Experimental Procedures

Expression and purification of NT-dFMRP and mutant proteins

The Drosophila Fmr1 gene (GenBank accession no. AF305881) was obtained from Prof. Gideon Dreyfuss (University of Pennsylvania). Full-length dFMRP and the N-terminal truncated dFMRP (NT-dFMRP) spanning residues 220 to 681 were subcloned into pTYB1 (New England Biolabs) to produce a fusion protein with a C-terminal intein and chitin binding domain. I244N and I307N NT-dFMRP constructs were then made by QuikChange Site-Directed Mutagenesis (Stratagene). ΔRGG construct spanning residues 220 to 413 was also subcloned into pTYB1. Proteins were expressed in E.coli Rosetta (DE3) strain, and purified using the chitin affinity matrix, as recommended by the manufacturer (New England Biolabs). The protein was stored in 24 mM HEPES (pH 7.5), 250 mM NaCl, 10% glycerol, 2 mM DTT −80 °C. Protein purity was assessed by Coomassie-Blue stained SDS-PAGE and concentrations were estimated by Bradford assay.
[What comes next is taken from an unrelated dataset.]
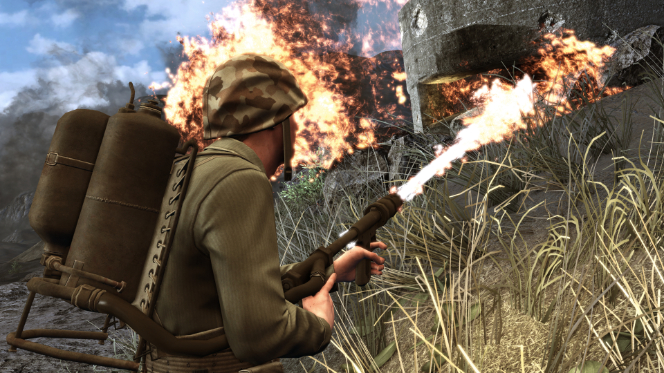 A feature which the developers are quite proud of, and really does come across in the gameplay itself, is the asymmetrical gameplay which they have incorporated. This feature has made this game stand out from others of its kind by not making both sides entirely even in every way. In this case the US military have more advanced and effective weaponry than the Japanese army, while the tactical advantages and style of weapons that the Japanese use can be of use to them in other ways aside from straight and simple shooting, for example shelling with mortars or sharp and swift kills with swords. The idea here has been to reflect the reality of both war and these battles in particular; that both sides do not carry the same weapons and are not equally matched in every way, but rather have different advantages. This really set Rising Storm aside from similar games such as the Call of Duty series which gives players the same equipment to fight with no matter what force they fight for. This is also a nice touch as it gives the player the opportunity to pick their side based on what equipment or tactics they feel best suits them when it comes down to the fight.
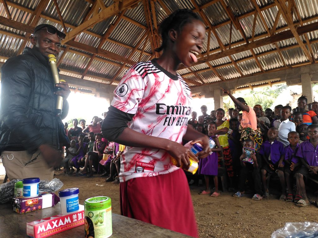 Trotz allem waren die Quizze immer ein großer Erfolg und ein großer Spaß für alle. Besonders in dem einen Dorf, in dem die Kinder sich gegenseitig Wörter zum Buchstabieren vorgegeben haben. Und dann kamen Sachen wie „Spell for me: hippopotamus“ oder „Spell for me: Environment“. Nicht ganz easy, wie ich finde. Anderen Ortes hingegen, haben wir jedes Kind CUP buchstabieren lassen, damit jede und jeder ein Heft und einen Stift abbekommen konnte. Ich war etwas neidisch auf die coolen MARVEL Hefte. Ich muss mal schauen, ob ich die hier in Freetown irgendwo finde…

Expression of dFMRP in E. coli resulted in about 50% of the protein becoming truncated by ≈20 KD from the N-terminus (Figure S2A). Using a N-terminal hexahistidine tag we were able to purify limited amounts of the full-length dFMRP (Figure S2A). We also separately expressed and purified a N-terminally truncated dFMRP (NT-dFMRP) that is missing the NLS and residues important for FMRP/FXR dimer formation (Figure S1A). The yield of NT-dFMRP was much higher than the full-length dFMRP.

Ribosome purification

Dechlorinated frozen fly embryos were lysed with the Dounce homogenizer and clarified by centrifugation. Supernatant was applied to 30% sucrose cushion in 50 mM Tris-HCl (pH 7.5), 10 mM MgCl2, 100 mM KCl, 0.5 mM EDTA, 0.5 mM PMSF, 0.1 mM benzamidine, 5 mM 2-mercaptoethanol and spun at 39,000 RPM for 17 hours at 4 °C. Crude ribosome pellets were resuspended in 50 mM Tris-HCl (pH 7.5), 10 mM MgCl2, 500 mM KCl, 0.5 mM PMSF, 0.1 mM benzamidine, 5 mM 2-mercaptoethanol and spun at 13,000 RPM for 20 min. at 4 °C. Puromycin was added to the supernatant with a ratio of 1 mg puromycin per 100 mg of ribosomes, incubated 30 min. on ice and 15 min. at 37 °C. Solution was clarified by centrifugation for 20 min. at 13,000 RPM. Supernatant was then loaded on 10%–40% sucrose density gradients in a SW-28 rotor and spun at 20,000 rpm for 17 hours and 30 min. Gradients were fractionated using a gradient fractionator and UA-6 detector (ISCO/BRANDEL). 80S ribosome peaks were pooled and diluted 2-fold with 50 mM Tris-HCl (pH 7.5), 10 mM MgCl2, 25 mM KCl, 5 mM 2-mercaptoethanol and spun at 35,000 RPM 17 hours. Purified ribosome pellets were resuspended in 10 mM HEPES (pH 7), 10 mM MgCl2, 50 mM KCl, 5 mM 2-mercaptoethanol and stored at −80 °C. Ribosome concentration was calculated using 1 A260 unit = 20 pm/ml 80S ribosome.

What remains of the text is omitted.